*** DATASET RECORDS Section Begins ***

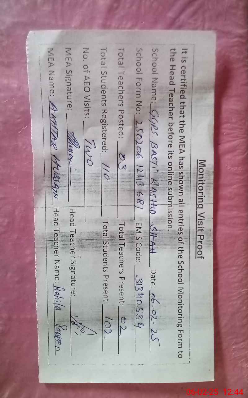 | EMIS Code: 31340534 | Name of School: GGPS BASTI RASHID SHAH | |||
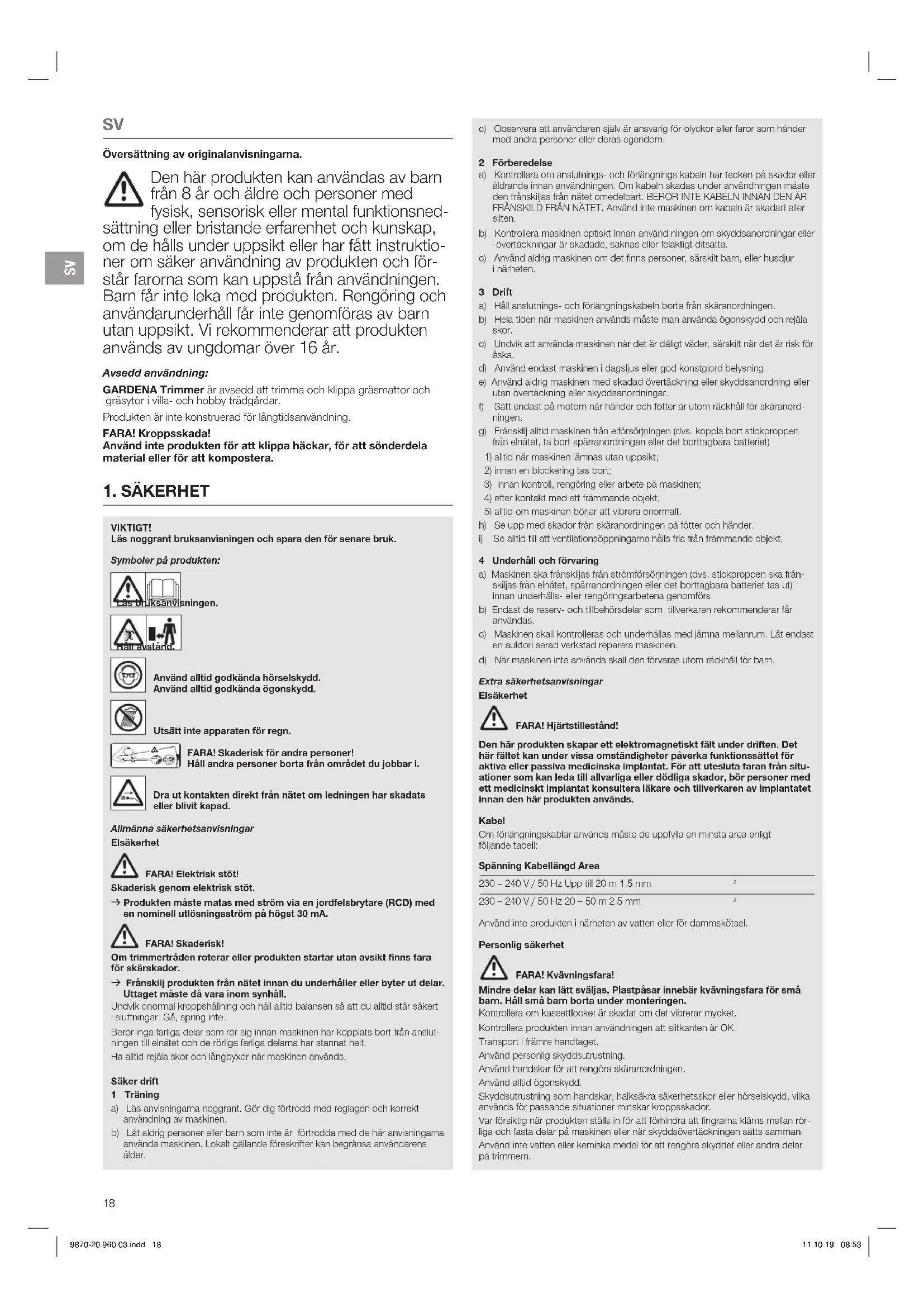 Översättning av originalanvisningarna. Den här produkten kan användas av barn från 8 år och äldre och personer med fysisk, sensorisk eller mental funktionsned- sättning eller bristande erfarenhet och kunskap, om de hålls under uppsikt eller har fått instruktio- ner om säker användning av produkten och för- står farorna som kan uppstå från användningen. Barn får inte leka med produkten. Rengöring och användarunderhåll får inte genomföras av barn utan uppsikt. Vi rekommenderar att produkten används av ungdomar över 16 år. Avsedd användning: GARDENA Trimmer är avsedd att trimma och klippa gräsmattor och gräsytor i villa- och hobby trädgårdar. Produkten är inte konstruerad för långtidsanvändning. FARA! Kroppsskada! Använd inte produkten för att klippa häckar, för att sönderdela material eller för att kompostera. c) Observera att användaren själv är ansvarig för olyckor eller faror som händer med andra personer eller deras egendom. 2 Förberedelse a) Kontrollera om anslutnings- och förlängnings kabeln har tecken på skador eller åldrande innan användningen. Om kabeln skadas under användningen måste den frånskiljas från nätet omedelbart. BERÖR INTE KABELN INNAN DEN ÄR FRÅNSKILD FRÅN NÄTET. Använd inte maskinen om kabeln är skadad eller sliten. b) Kontrollera maskinen optiskt innan använd ningen om skyddsanordningar eller -övertäckningar är skadade, saknas eller felaktigt ditsatta. c) Använd aldrig maskinen om det finns personer, särskilt barn, eller husdjur inärheten. 3 Drift a) Håll anslutnings- och förlängningskabeln borta från skäranordningen. b) Hela tiden när maskinen används måste man använda ögonskydd och rejäla skor. c) Undvik att använda maskinen när det är dåligt väder, särskilt när det är risk för åska. d) Använd endast maskinen i dagsljus eller god konstgjord belysning. e) Använd aldrig maskinen med skadad övertäckning eller skyddsanordning eller utan övertäckning eller skyddsanordningar. f) Sätt endast på motorn när händer och fötter är utom räckhåll för skäranord- ningen. g) Frånskilj alltid maskinen från elförsörjningen (dvs. koppla bort stickproppen från elnätet, ta bort spärranordningen eller det borttagbara batteriet)
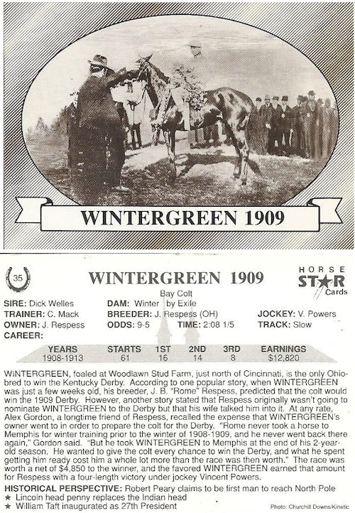 Bred in Ohio by Jerome Bristow Respess, the multi-millionaire owner of a brewing company, and trained by Charles Mack, Wintergreen had won 5 races in 10 starts at age 2, and finished third in one stakes race.
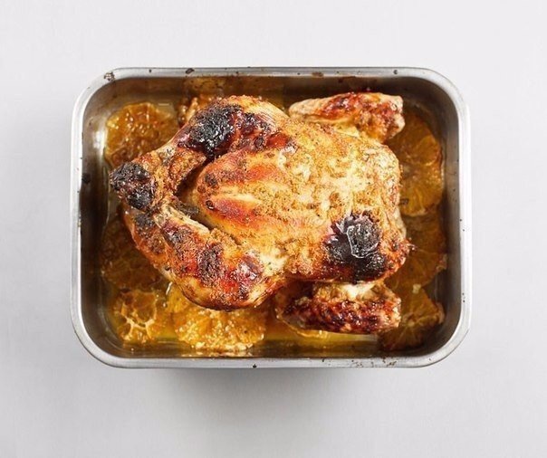 3. Духовку разогрейте до 200 °C. На дно небольшого глубокого противня или формы для выпечки выложите в один слой ломтики апельсина. Сверху грудкой вниз уложите курицу. Поставьте в духовку на 40 минут.
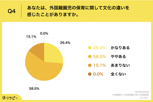 「Q4.あなたは、外国籍園児の保育に関して文化の違いを感じたことがありますか。」(n=106)と質問したところ、「かなりある」が26.4%、「ややある」が58.5%という回答となりました。
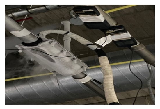 The second preliminary experiment conducted before the onsite fixing work was carried out to estimate the time needed for freezing and the liquid nitrogen consumption. For this experiment, a galvanized steel pipe diameter of 50 mm was used, which is the same as the one used in hospital water supply systems, and the water pressure inside the pipe was 3.3 kg/cm2. Usually, the challenge was to verify whether the water completely turned into ice inside the pipe. There are generally two ways to make sure: one is to measure the frost characteristics outside the pipe [23]. When water inside has completely turned into ice, the jacket and part of the pipe surface will be covered with frost. The patent acquired for such an experiment showed that the frost length on the pipe surface at either side of the jacket is 1.2–1.8 times the pipe diameter. This is a good way to judge the ice condition for onsite fixing work.
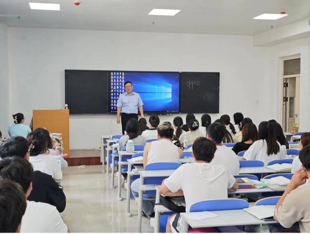 2024年6月18日,河南科技職業(yè)大學(xué)副校長(zhǎng)師鵬蒞臨我院,為我院師生開展思想政治教育授課。師校長(zhǎng)首先指出2024年是中華人民共和國(guó)成立75周年,是實(shí)現(xiàn)“十四五”規(guī)劃目標(biāo)任務(wù)的關(guān)鍵一年,也是學(xué)校迎接本科評(píng)估承上啟下的關(guān)鍵之年,學(xué)校將始終堅(jiān)持以習(xí)近平新時(shí)代中國(guó)特色社會(huì)主義思想為指導(dǎo),深入學(xué)習(xí)貫徹習(xí)近平文化思想,深刻領(lǐng)悟“兩個(gè)確立”的決定性意義,增強(qiáng)“四個(gè)意識(shí)”,堅(jiān)定“四個(gè)自信”,做到“兩個(gè)維護(hù)”。
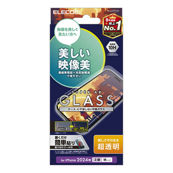 - iPhone16Pro用画面保護ガラスフィルム 動画映え/超透明タイプ 動画視聴の際などに光の映り込みに邪魔されずに視聴可能: PM-A24CFLGAR
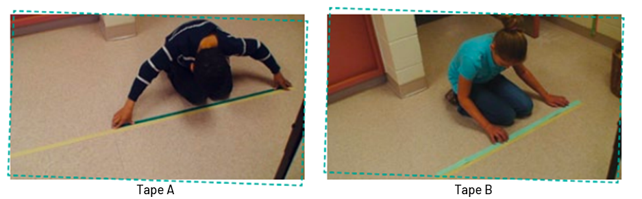image A student kneels in front of a line drawn on the floor. He/she measures the line with a tape measure in centimeters, "Tape "A"". A student kneels in front of a line drawn on the floor. He measures this line with an ungraded tape measure. He measures the line with a tape measure in centimeters, "Tape measure "B"".
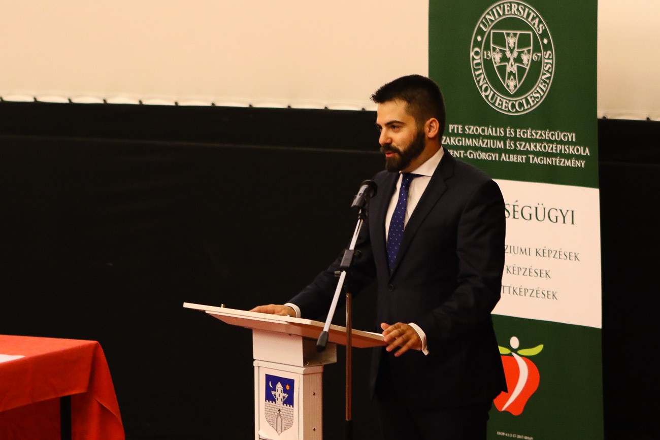 A Pécsi Tudományegyetem Szociális és Egészségügyi Szakgimnázium és Szakközépiskola Szent-Györgyi Albert Tagintézmény a hagyományteremtés jegyében OKJ-s bizonyítványátadó ünnepséget rendezett. A rendezvényen köszöntő beszédet mondott dr. Balázsy Péter megyei jegyző is. Az ünnepségen nappali és esti munkarendben tanuló 101 diák vehette át Gyakorló ápoló, Ápoló, Gyakorló csecsemő és gyermekápoló, Csecsemő és gyermekápoló, Gyakorló Mentőápoló, Mentőápoló, Gyógymasszőr, Gyógyszertári asszisztens, Fogászati asszisztens, Fizioterápiás asszisztens, Radiográfiás asszisztens bizonyítványát.
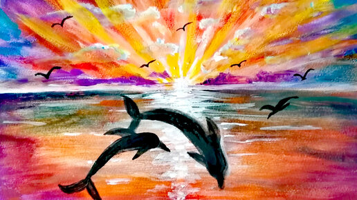 Как нарисовать море, закат и дельфинов за 5 минут! Правополушарноерисование, простая техника

*** DATASET RECORDS Section Ends ***

*THE PROBLEM*
Among the lines above, the one with "Bred in Ohio" opens the part to repeat and the one with "image A student" closes it; repeat only that part exactly, with no pictures.

*OUTPUT OF THE TASK*
 Bred in Ohio by Jerome Bristow Respess, the multi-millionaire owner of a brewing company, and trained by Charles Mack, Wintergreen had won 5 races in 10 starts at age 2, and finished third in one stakes race.
 3. Духовку разогрейте до 200 °C. На дно небольшого глубокого противня или формы для выпечки выложите в один слой ломтики апельсина. Сверху грудкой вниз уложите курицу. Поставьте в духовку на 40 минут.
 「Q4.あなたは、外国籍園児の保育に関して文化の違いを感じたことがありますか。」(n=106)と質問したところ、「かなりある」が26.4%、「ややある」が58.5%という回答となりました。
 The second preliminary experiment conducted before the onsite fixing work was carried out to estimate the time needed for freezing and the liquid nitrogen consumption. For this experiment, a galvanized steel pipe diameter of 50 mm was used, which is the same as the one used in hospital water supply systems, and the water pressure inside the pipe was 3.3 kg/cm2. Usually, the challenge was to verify whether the water completely turned into ice inside the pipe. There are generally two ways to make sure: one is to measure the frost characteristics outside the pipe [23]. When water inside has completely turned into ice, the jacket and part of the pipe surface will be covered with frost. The patent acquired for such an experiment showed that the frost length on the pipe surface at either side of the jacket is 1.2–1.8 times the pipe diameter. This is a good way to judge the ice condition for onsite fixing work.
 2024年6月18日,河南科技職業(yè)大學(xué)副校長(zhǎng)師鵬蒞臨我院,為我院師生開展思想政治教育授課。師校長(zhǎng)首先指出2024年是中華人民共和國(guó)成立75周年,是實(shí)現(xiàn)“十四五”規(guī)劃目標(biāo)任務(wù)的關(guān)鍵一年,也是學(xué)校迎接本科評(píng)估承上啟下的關(guān)鍵之年,學(xué)校將始終堅(jiān)持以習(xí)近平新時(shí)代中國(guó)特色社會(huì)主義思想為指導(dǎo),深入學(xué)習(xí)貫徹習(xí)近平文化思想,深刻領(lǐng)悟“兩個(gè)確立”的決定性意義,增強(qiáng)“四個(gè)意識(shí)”,堅(jiān)定“四個(gè)自信”,做到“兩個(gè)維護(hù)”。
 - iPhone16Pro用画面保護ガラスフィルム 動画映え/超透明タイプ 動画視聴の際などに光の映り込みに邪魔されずに視聴可能: PM-A24CFLGAR
image A student kneels in front of a line drawn on the floor. He/she measures the line with a tape measure in centimeters, "Tape "A"". A student kneels in front of a line drawn on the floor. He measures this line with an ungraded tape measure. He measures the line with a tape measure in centimeters, "Tape measure "B"".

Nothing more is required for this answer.